Tell us about some of the films on offer

“We’ve got a programme that really embraces some of the best films on the international film festival circuit and bright new American film-maker voices. In terms of international we have films like Mahamat-Saleh Haroun’s A Screaming Man from Chad, about a father and son trying to co-exist, and this is a theme we see again in Diego Luna’s Abel. There is also Submarino from Thomas Vinterberg and this year’s Palme d’Or winner, Uncle Boonmee Who Can Recall His PastLives by Apichatpong Weerasethakul. We have got some fantastic work from a number of film-makers like Takeshi Kitano with Outrage, Takashi Miike’s 13 Assassins, Lee Changdong’s Poetry, and a double bill of Im Sang-soo’s The Housemaid and [Kim Ki-Young’s] 1960 version.”
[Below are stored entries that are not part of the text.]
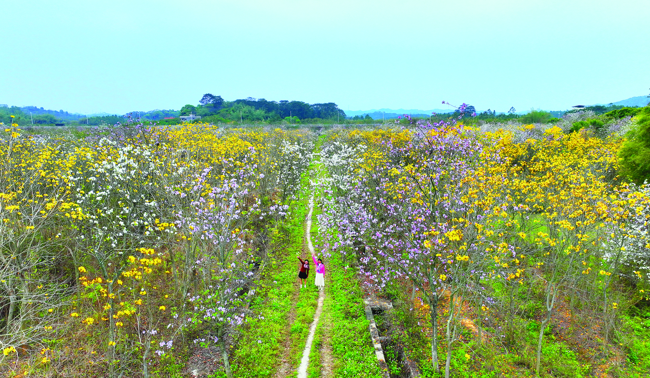 近日,博罗县泰美镇车村村的宫粉紫荆花和黄花风铃木盛开,吸引大量市民前往打卡。这片200多亩的花海成为热门景点,游客纷纷拍照留念,享受自然美景。当地通过发展乡村旅游,不仅提升了村庄的知名度,还带动了经济发展。
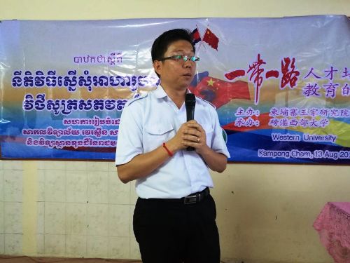 8月13日,柬埔寨王家研究院孔子学院院长谢莫尼勒阁下(H.E. CHEA Munyrith)赶赴磅湛省做“一带一路——人才培养和教育的新丝路”宣讲会,正式启动柬埔寨王家研究院孔子学院磅湛省西部大学(Western University)汉语中心,孔子学院教学点扩展到11省31个。磅湛省西部大学招生办公室主任殷桑波(YIN Sambok)出席宣讲会,200余名磅湛省大、中学生参加了活动。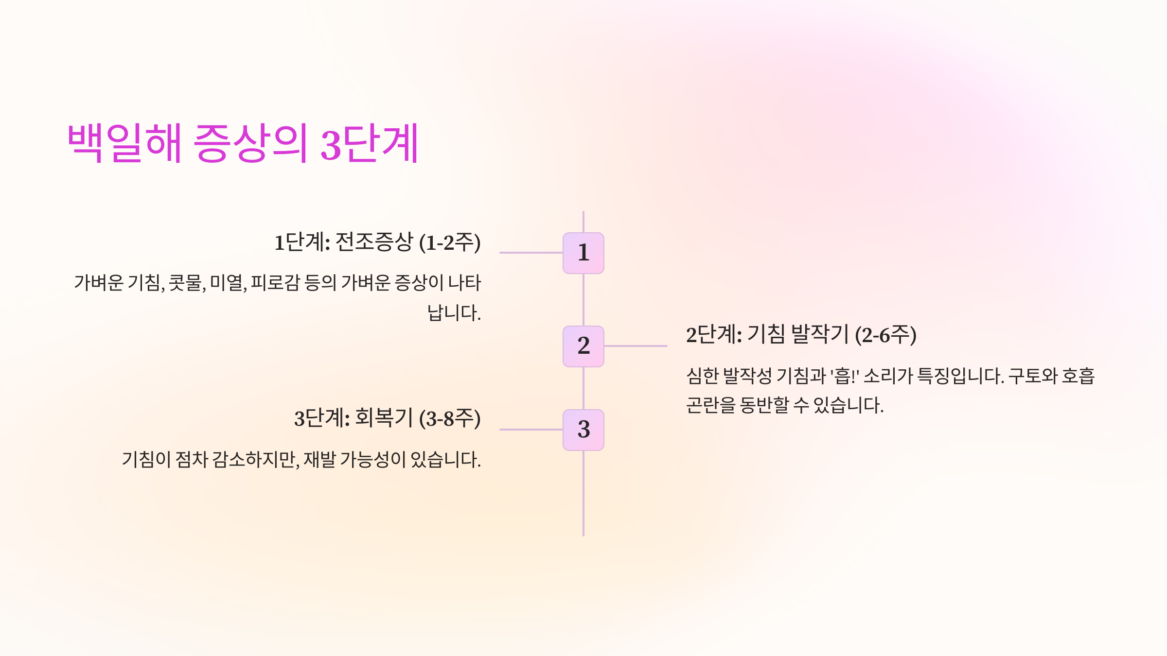 백일해는 크게 3단계로 나뉘며, 초기에 보이는 전조증상(카타르기)은 감기와 비슷해 많은 사람들이 놓치기 쉽습니다.

Documentaries seem to have hitched a ride with another section this year

“While we don’t have a specific section [for them], we have brought documentaries into the world cinema programme, such as Ken Wardrop’s His And Hers from Ireland, Xu Xin’s Chinese film Karamay, about families who lose their children in a fire [and how Chinese authorities censored the story], and Kim Longinotto’s Pink Saris, about female activists in India.”
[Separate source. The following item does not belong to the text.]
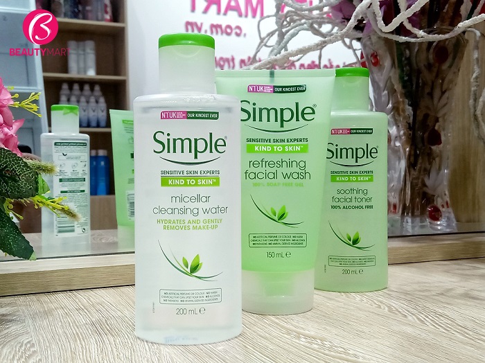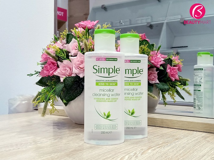 Nước tẩy trang Simple Kind To Skin Micellar Cleansing Water là một sản phẩm nước tẩy trang của hãng mỹ phẩm Simple từ Vương quốc Anh, được rất rất nhiều tín đồ làm đẹp ưa thích nhờ vào hiệu quả làm sạch da “mạnh mẽ”, ngay lập tức có thể lấy đi hết bụi bẩn, bã nhờn cùng lớp make up mà không gây kích ứng trên da, kể cả những vùng nhạy cảm như mắt và môi.
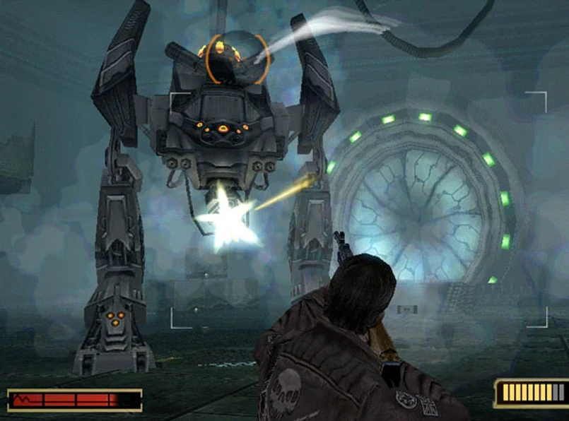 Wystarczy jednak wdać się w pierwszą strzelaninę, by odnieść wrażenie, że ktoś złośliwie utrudnił sterowanie. Podczas gdy lewy (jedyny) manipulator analogowy odpowiada za marsz postacią i przydatne kroki na boki, już aby obracać widok i celować, trzeba używać czterech prawych klawiszy z symbolami, które nie nadają się do ciągłych, precyzyjnych korekt kierunku. To wina braku wspomnianego, lewego manipulatora, w żadnym wypadku twórców gry. Ci zrobili, co mogli w zastanych okolicznościach, przenosząc sterowanie z kieszonkowych edycji „Syphon Filter” i próbując zamortyzować nam niewygodę. Dodali automatyczne namierzanie celów, co trywializuje rozgrywkę, ale czyni ją znośną (co prawda już na początku gry pojawiają się maszkary, które trzeba ręcznie trafiać w wybuchowe głowy). Dorzucili chowanie się za osłonami, a resztę ruchów upchnęli pod jednym, kontekstowym przyciskiem. Umieścili na drodze gracza różnorodną broń z pomocnymi funkcjami dodatkowymi. Dodali nawet opcję połączenia PSP z PS3 (dla posiadaczy gry „Resistance 2”), by desperaci mogli pograć „dużym” kontrolerem – ale to rozwiązanie przeczy przenośności konsolki. Ja nadal czekam na ten drugi manipulator i pierwszą grę celownikową na PSP, która go wykorzysta.

What work are you showcasing from young and emerging directors?

“From the US there’s Cam Archer’s Shit Year that plays in our New Auteurs section, and Alistair Banks Griffin’s Two Gates Of Sleep and David Robert Mitchell’s The Myth Of The American Sleepover. There have been some dominant themes in US independent cinema over the last couple of years and these are film-makers with new voices who are working outside of, say, the Mumblecore movement.”

What’s the thinking behind the new Breakthrough section?

“So much of our programming is culled from our travels and from recommendations and from tracking films. In this section we have films that we didn’t track and cropped up solely through the admissions process. That’s interesting and it gives the film-makers a chance to get a world premiere in a major festival.” Examples include Nick Simon’s Removal, a Gothic tale of a pill-popping cleaning service employee, and Johnny O’Reilly’s Russian thriller The Weather Station about two detectives sent to a remote scientific outpost to investigate disappearances.

How do you manage to keep the festival free?

“The country still hasn’t recovered from the recession so it’s a way to give film-makers extra exposure and give them an audience, especially given the current climate of distribution. We can do this thanks to the help from the sponsors and we have cut back a bit and aren’t showing as many films as we did prior to 2009. We’re showing 97 films [including shorts] this year, which is more than last year. We show each film once except the awards contenders, which we will show a second time on the last day.”

The festival’s first guest artistic director is an iconic AFI Conservatory alum

“David Lynch has been extremely generous and he contributed the artwork that formed the basis of our creative campaign and you will see as we get closer that he was involved in the festival trailer. He made Eraserhead when he was a Fellow at the AFI Conservatory and he will present it as part of a double bill with Sunset Blvd.” Lynch has just unveiled his sidebar of five films: Ingmar Bergman’s Hour Of The Wolf, Stanley Kubrick’s Lolita, Jacques Tati’s Mon Oncle, Alfred Hitchcock’s Rear Window and Billy Wilder’s Sunset Blvd.

Is there much crossover between the festival and AFM?

“We have buyers who come from the AFM to see the films, although often in the evenings because market screenings don’t end until around 5 or 6pm. We have a lot of film-makers at the festival who want to network and talk to people about their next film.”

What do you want AFI Fest to stand for?

“I want people to think we are bringing a festival to the community to see the best of international cinema from the year as well as independent US work and also provide them with an opportunity to see awards season contenders. So we have gala and special screenings of films like Rabbit Hole, Werner Herzog’s documentary Cave Of Forgotten Dreams, Black Swan and The King’s Speech. And we are opening with the world premiere of Ed Zwick’s Love And Other Drugs.”